Ces derniers ne détiendront la pleine propriété des capitaux qu’au décès du conjoint survivant par le jeu d’une « créance de restitution », matérialisée par l’inscription d’une dette au passif de la succession.

Il est bien évident que les capitaux décès profiteront à terme aux enfants à condition que le patrimoine du défunt permette le paiement de la créance.

Sur le plan fiscal, cette technique permet d’optimiser la transmission des capitaux-décès :

- lors de la première transmission - démembrement des capitaux : les nus-propriétaires et le quasi-usufruitier seront considérés comme bénéficiaires au prorata de la somme réputée leur revenir en fonction du barème fiscal en vigueur (article 669 du CGI). Il existe autant d’abattements de 152 500 € que de couples « usufruitier/nu-propriétaire ». Cet abattement est réparti entre chaque couple selon le même barème fiscal ;

- et lors de la seconde transmission - fin du démembrement de propriété : les nus-propriétaires deviennent plein propriétaires en franchise de droit.

Ainsi, la seconde transmission échappe aux droits de succession. A noter que si l’usufruitier a consommé tout ou partie du quasi-usufruit, la créance dont dispose les nus-propriétaires va venir réduire les droits de succession lors du second décès.
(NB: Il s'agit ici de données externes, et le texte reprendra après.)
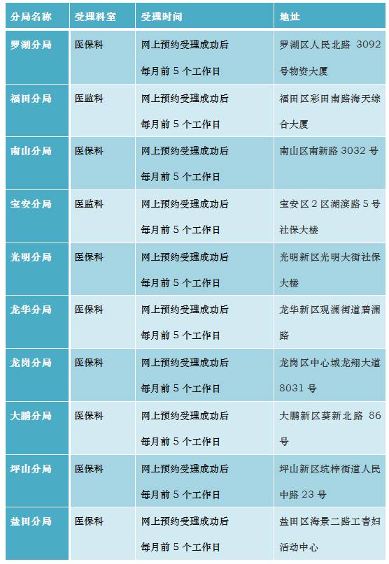 各社保分局每月首5个工作日现场办理辖区内申请确认深圳市社会医疗保险定点医疗机构、定点零售药店业务,申报单位根据预约情况到所属社保分局提交申报材料。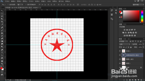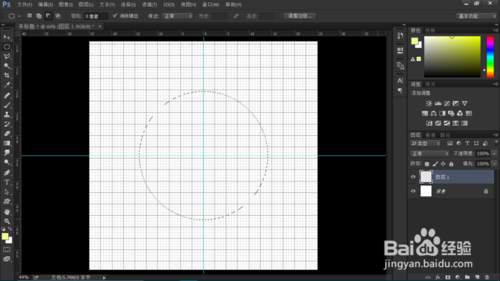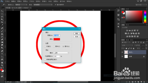 新建圖層一,拉出水平和垂直參考線,用橢圓選框工具按住Shift拉出正圓。將前景色設(shè)為紅色。右鍵選取,調(diào)出描邊,將寬度值改為28。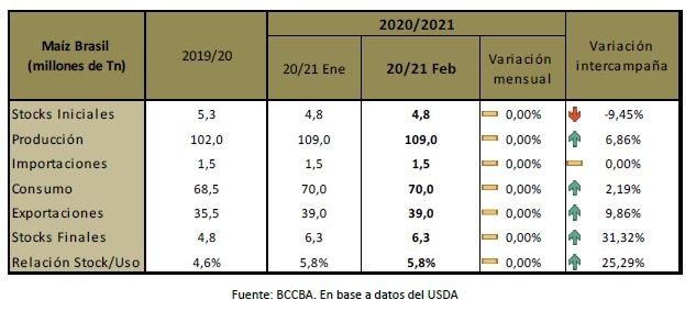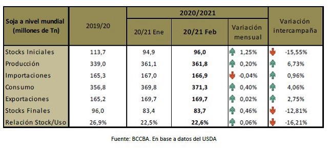La producción en Brasil para la campaña 2020/21 se estima en 109 millones de toneladas, 900.000 toneladas por encima de lo esperado por el mercado. Para Argentina, la cosecha sería de 47,5 millones de toneladas, cuando los privados esperaban un volumen más bajo (47 millones de toneladas).

Le démembrement permet dans un premier temps de protéger le conjoint survivant (attribution d’un quasi-usufruit lui assurant une autonomie financière vis-à-vis des enfants), puis dans un second temps de transmettre un capital aux enfants du défunt, au décès du conjoint survivant, tout en réduisant les droits de succession lors du second décès (créance sur la succession du conjoint survivant).

 

Conclusion

Suite à la cession de son outil professionnel, le chef d’entreprise devra combiner revenus complémentaires et préparation de la transmission, deux objectifs que l’assurance-vie réussit parfaitement. Cependant, ces solutions devront rester souples et évolutives dans le temps, en fonction de l’environnement juridique, fiscal et économique en constante évolution. Ainsi, le suivi apporté par son CGP fera alors toute la différence, aussi bien pour le suivi des investissements que le suivi des préconisations juridiques ou fiscales.